今月から開発部に配属された川野です。
自社製品のモバイル用UIを刷新する調査をひとりで細々とやっていて、そのなかで Sencha Touch について、ある程度情報がまとまったので記事にさせて頂きました。
Sencha Touch 概要
Sencha Touch は、モバイル WEB アプリを開発するための、JavaScript フレームワークです。
HTML5 と CSS3、JavaScript を駆使して、ネイティブアプリケーションっぽい見た目と操作感を、ブラウザ上で実現しようとしています。
iOS(iPhone とか iPad)と Andoroid に対応。(※正確には、WebKit 系のブラウザにのみ対応)
ExtJS で有名な Sencha が開発を行っています。Sencha Touch は無料で商用利用可能です。
どんなことができるの?
百聞は一見に如かず、ということで、、
Sencha Touch で作られた GitHub を閲覧するアプリです。
# iPad での利用を想定したものですが、PC上でも Chrome や Safari であれば利用できました。
Sencha Touch を使うことで、上記のようなネイティブアプリライクなモバイルWEBアプリを比較的簡単に開発することができます。
Sencha Touch が提供してくれる機能
- タッチイベントのハンドリング
- ネイティブアプリライクな UI コンポーネント
- オフライン機能(localstorage などを利用)のサポート
- Ajax を使った画面遷移をブラウザの履歴に残す機能
=> 具体例で言うと、Ajax の遷移が戻るボタンで戻れる - 複雑なプログラムのサポート(Sencha Touch MVC)
- ネイティブアプリに変換することも想定(PhoneGap との相性がよい)
- Ajax関連、その他いろいろ便利なユーティリティ
などなど
列挙されても、何のことかよく分からないと思いますが、とにかくモバイルデバイスに最適化された WEB アプリを開発するために必要なものが一通り揃っている、ということで。

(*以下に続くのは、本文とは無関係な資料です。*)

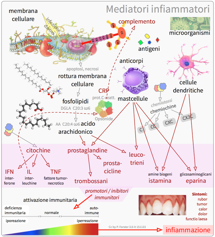 Una grande parte di mediatori immunitari sono anche mediatori infiammatori e inducono i relativi sintomi:

。
# jQuery Mobile との違い
モバイル用の JavaScript ライブラリで語られることの多い jQuery Mobile は、モバイル用の WEB「ページ」作成に適しているのに対し、Sencha Touch は、モバイル用の WEB「アプリケーション」作成に適している印象です。
Sencha Touch を利用したプログラミング
いわゆる、「コンポーネントをレゴブロックのように積み上げていく」スタイルです。
ライブラリのコアは ExtJS と同じものを使っているので、ExtJS を使ったことのある人には取っ付きやすいと思います。コンポーネントにコンフィグオブジェクトを定義して、振る舞いを指定していきます。
コンポーネントが HTML を出力して UI を構築していくため、HTML ファイルに直接 タグを記述することはありません。
Sencha Touch 独自の MVC 構成でアプリケーションを実装していきます。
ざっくり言うと、
- Model では、アプリケーション内で使うモデルの定義
- View では、UIコンポーネントの定義と、イベントハンドリング => Controller へのディスパッチ
- Controller では、ディスパッチされたイベントの具体的な処理
を記述していく感じです。
Sencha Touch MVC の詳細は、以下のページで説明されています。
その他周辺技術
Sencha Touch では、効率よく高品質なアプリを開発するために、比較的新しい技術を採用しています。
SASS、Compass
CSS の作成に、「SASS」と「Compass」を利用しています。SASS は CSS を生成するためのメタ言語、Compassは SASS を便利に使うためのフレームワークライブラリです。
SASS、Compass を使うことで、Sencha Touch が提供してくれているテーマを、簡単にカスタマイズすることができます。
Jasmine
JavaScript のテストフレームワークに「Jasmine」を利用しています。Jasmine は TDD(テスト駆動開発)の概念に基づいて設計されています。
その他、JavaScript の圧縮には、YUI Compressor が使われており、「JsBuilder」というビルドツールがフレームワークに同梱されています。
まとめ
Sencha Touch を使う魅力は、WEBアプリの開発効率の良さ・クロスプラットフォーム性を維持しつつ、ネイティブアプリのようなユーザーエクスペリエンスを提供できる点にあると思います。
また、Sencha Touch + PhoneGap の組み合わせは、モバイルアプリ(ネイティブ)のプロトタイプ開発にも適しているような気がしました。
まだまだ日本語の情報は少ないですが、将来有望なフレームワークだと思います。